Khursand, a trans activist, artist and an entrepreneur, is working to increase visibility of transgender community within the heavily binary patriarchal society.

Khursand runs a production company, Noutankey Productions, which conceives and produces theater, video reports, documentaries, short films, public service messages (PSMs) and other creative genres of visual narratives for digital audience. She established the company to produce informational entertaining content and aims to weave the concerns and problems of transgender community.

She believes that online spaces are the most appropriate medium to sensitize the society towards trans community and to raise the voice against ill-literacy, ignorance towards HIV, STDs, wrong practices, unemployment, disconsolate living and other deplorable oblivions existing within the trans community.

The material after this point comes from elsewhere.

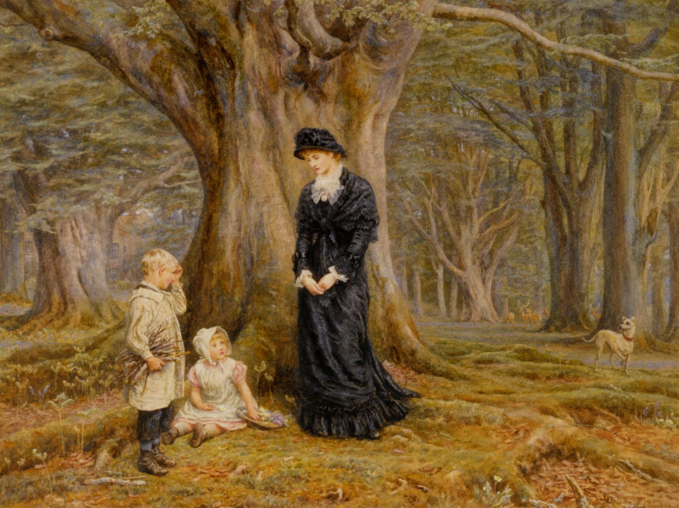 More typical of her mature work is this depiction of ancient woodland and The Lady of the Manor (1880). The manor house is just visible in the distance, behind the small boy’s head. Seen in a small clearing in the mid-right of the painting are deer, implying that this was a deer park; even then, there were few deer park remaining in the south of England.
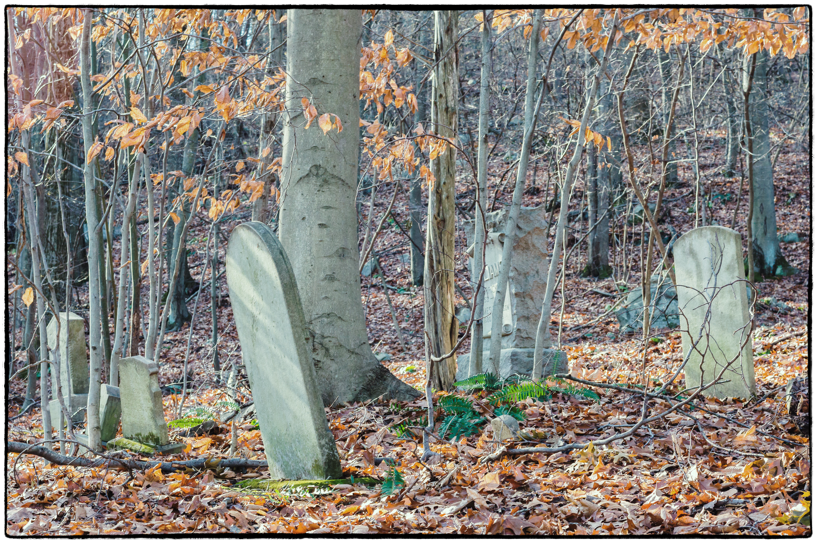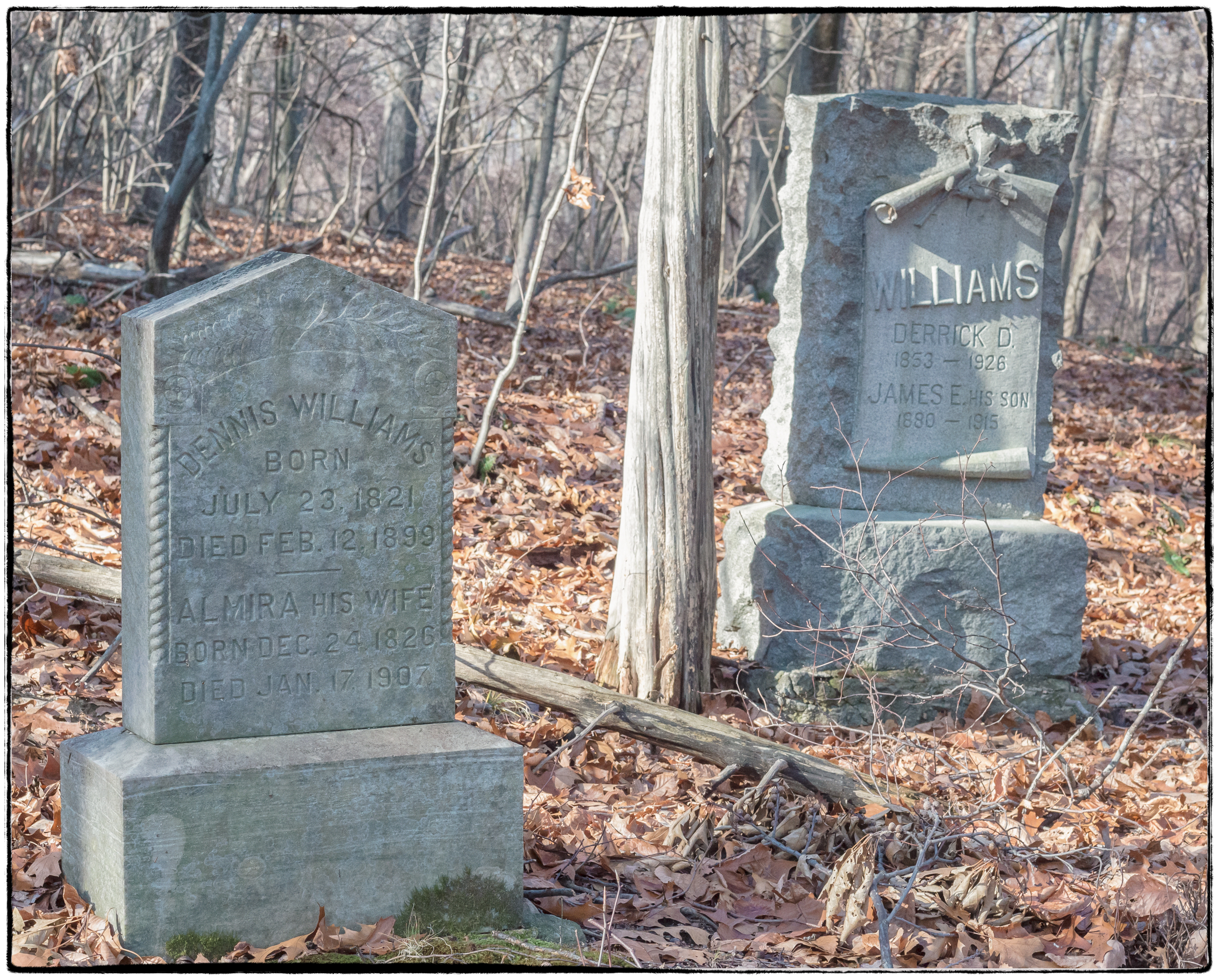 There are only a few graves and it’s pretty much your typical small cemetery in the woods. The only grave marker that I found of interest was the one on the right in the picture below. It has an interesting raised scroll and what look to me like oak leaves (According to Douglas Keister in Stories in Stone. A Field Guide to Cemetery Symbolism and Iconography: “oak leaves can symblolize many things including strength, endurance, eternity, honor, liberty, hospitality, faith and virtue”).

“It is a breakthrough towards the vision of social inclusion of transgender community.”

Khursand Bayar Ali on passing of The Pakistan Transgender Persons (Protection of Rights) Act 2018

Khursand was formerly associated with UN subsidiaries working on policy development for trans community in the sub-continent and served as an honorary chairing committee member for the key populations in Global Fund. She has also worked in Pakistan’s National HIV Aids Control Program.

Her success doesn’t stop her from learning and networking further. She is constantly looking online for events that she believes will help her promote trans rights, and has participated in many national and international conferences, symposiums and online webinars to learn about the problems of trans community and their solutions in different societies. She represented Pakistan and its trans community at the Muslim Transgender Conference in Nepal in early 2019.  “Online space helps me to grab opportunities like these to learn, travel, network and attract the attention.” She explains, “The event provided me the opportunity to earn respect in my Muslim society where KhwajaSaras are generally seen as morally bankrupt.”

As a community coordinator, she also contributed her two-cents while struggling with eminent scholars, legal experts, human rights advocates and senior community activists and allies behind the Transgender Persons (Protection of Rights) Act 2018, lately passed in Pakistan. “Outsiders may not realize what promulgation of transgender rights law [means] to us – for a community which was living in their own country without any identification and without having access to basic needs such as right to inheritance, travel, education, health and employment,” Khursand says, “It is a breakthrough towards the vision of social inclusion of transgender community.”

Khursand Bayar Ali says digital media steers her to new arena to leap in to claim her share in every space.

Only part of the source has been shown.